══ Given records

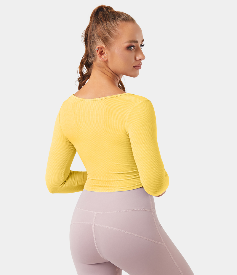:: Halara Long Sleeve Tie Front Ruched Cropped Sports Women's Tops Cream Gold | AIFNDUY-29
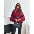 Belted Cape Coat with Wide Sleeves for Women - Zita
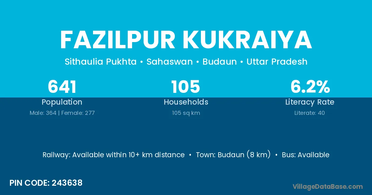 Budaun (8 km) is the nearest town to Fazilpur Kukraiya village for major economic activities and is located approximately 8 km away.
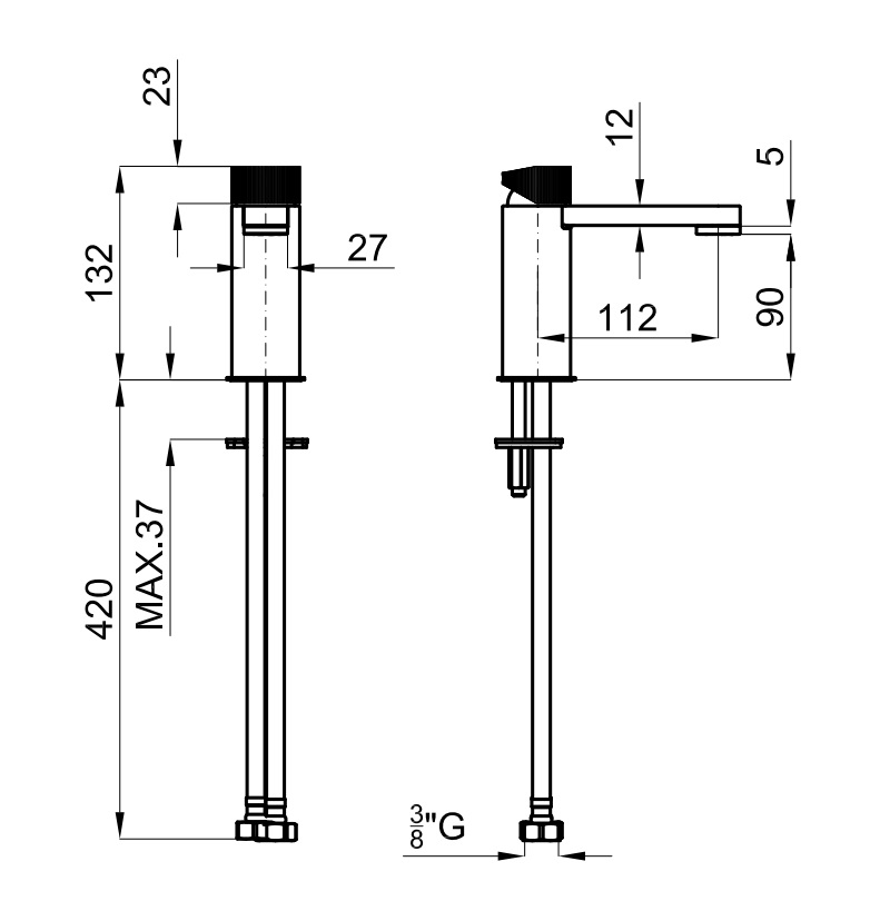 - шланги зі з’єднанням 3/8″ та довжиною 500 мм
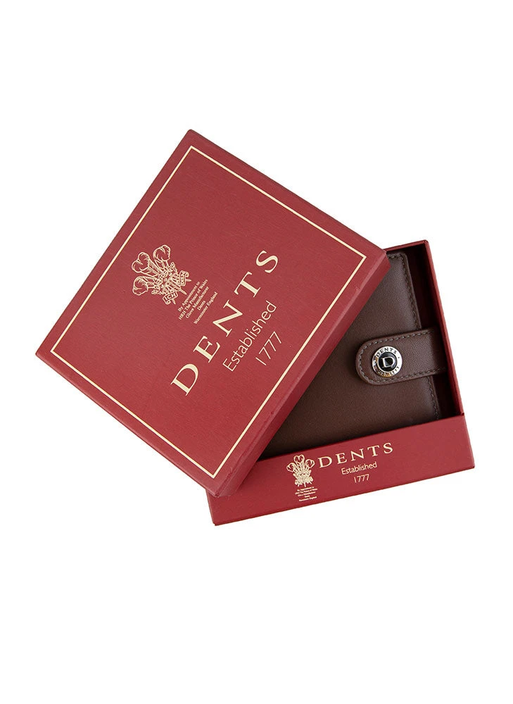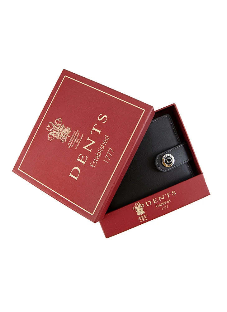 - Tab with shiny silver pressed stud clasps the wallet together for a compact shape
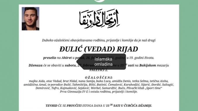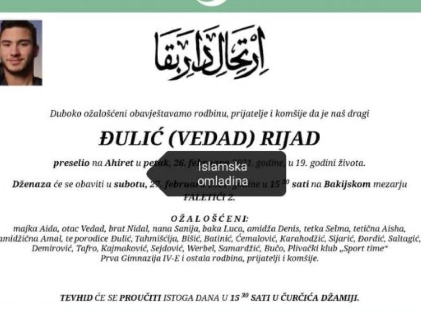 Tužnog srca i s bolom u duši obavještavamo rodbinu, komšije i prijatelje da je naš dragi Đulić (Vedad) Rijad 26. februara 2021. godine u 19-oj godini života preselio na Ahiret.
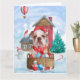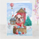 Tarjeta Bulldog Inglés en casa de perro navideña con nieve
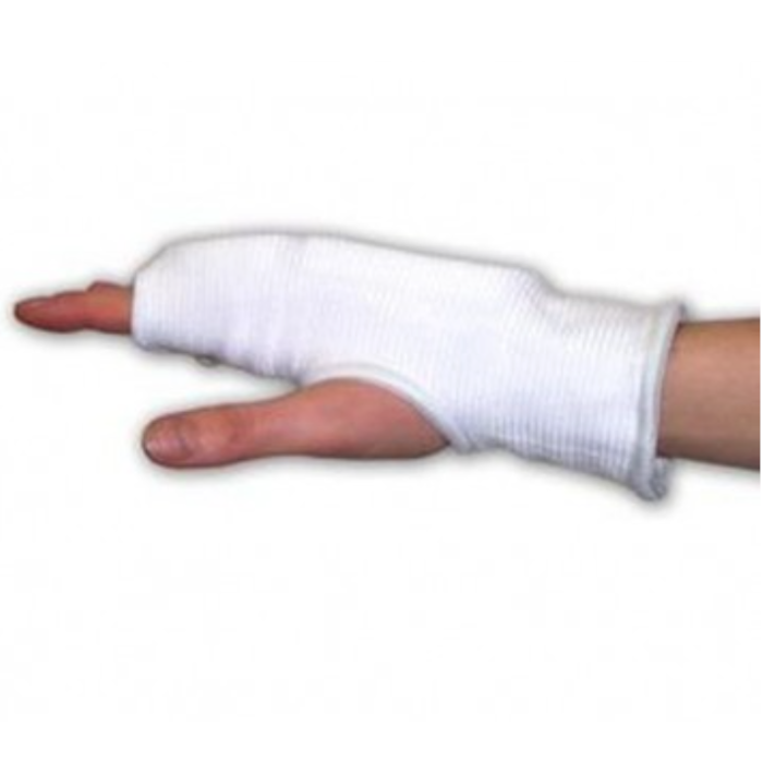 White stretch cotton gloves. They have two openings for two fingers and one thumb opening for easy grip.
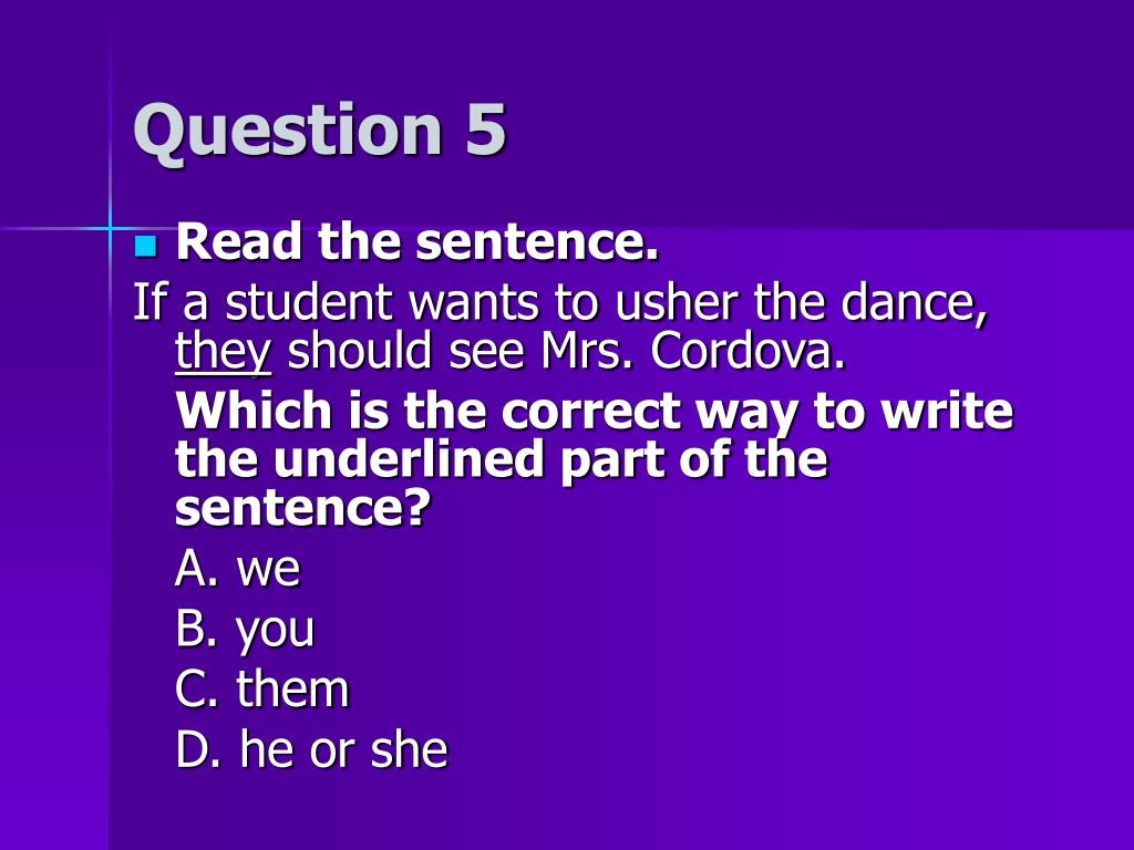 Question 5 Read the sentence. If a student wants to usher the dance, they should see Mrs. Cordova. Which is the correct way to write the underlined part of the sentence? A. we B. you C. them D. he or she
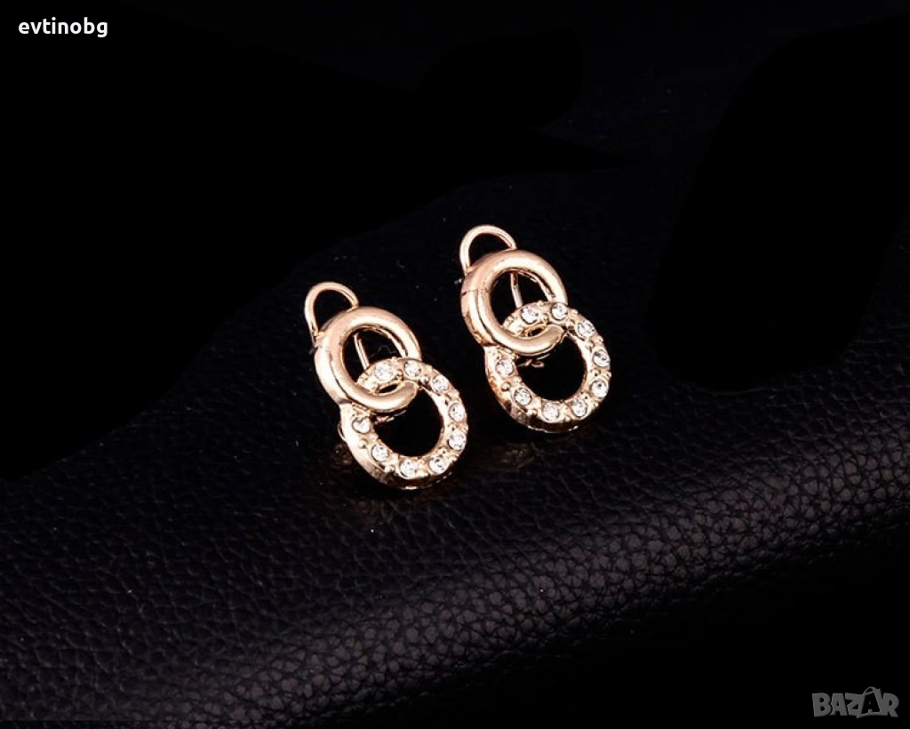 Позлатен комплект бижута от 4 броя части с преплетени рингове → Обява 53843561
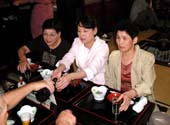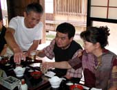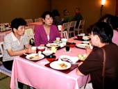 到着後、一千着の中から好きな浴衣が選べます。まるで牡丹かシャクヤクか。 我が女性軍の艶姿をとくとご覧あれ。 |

════

**Aim of the task**
Exact reproduction is required for the lines from the one containing "White stretch cotton" through the end of the material, and for those lines only, without pictures.

**Solution to the problem**
 White stretch cotton gloves. They have two openings for two fingers and one thumb opening for easy grip.
 Question 5 Read the sentence. If a student wants to usher the dance, they should see Mrs. Cordova. Which is the correct way to write the underlined part of the sentence? A. we B. you C. them D. he or she
 Позлатен комплект бижута от 4 броя части с преплетени рингове → Обява 53843561
 到着後、一千着の中から好きな浴衣が選べます。まるで牡丹かシャクヤクか。 我が女性軍の艶姿をとくとご覧あれ。 |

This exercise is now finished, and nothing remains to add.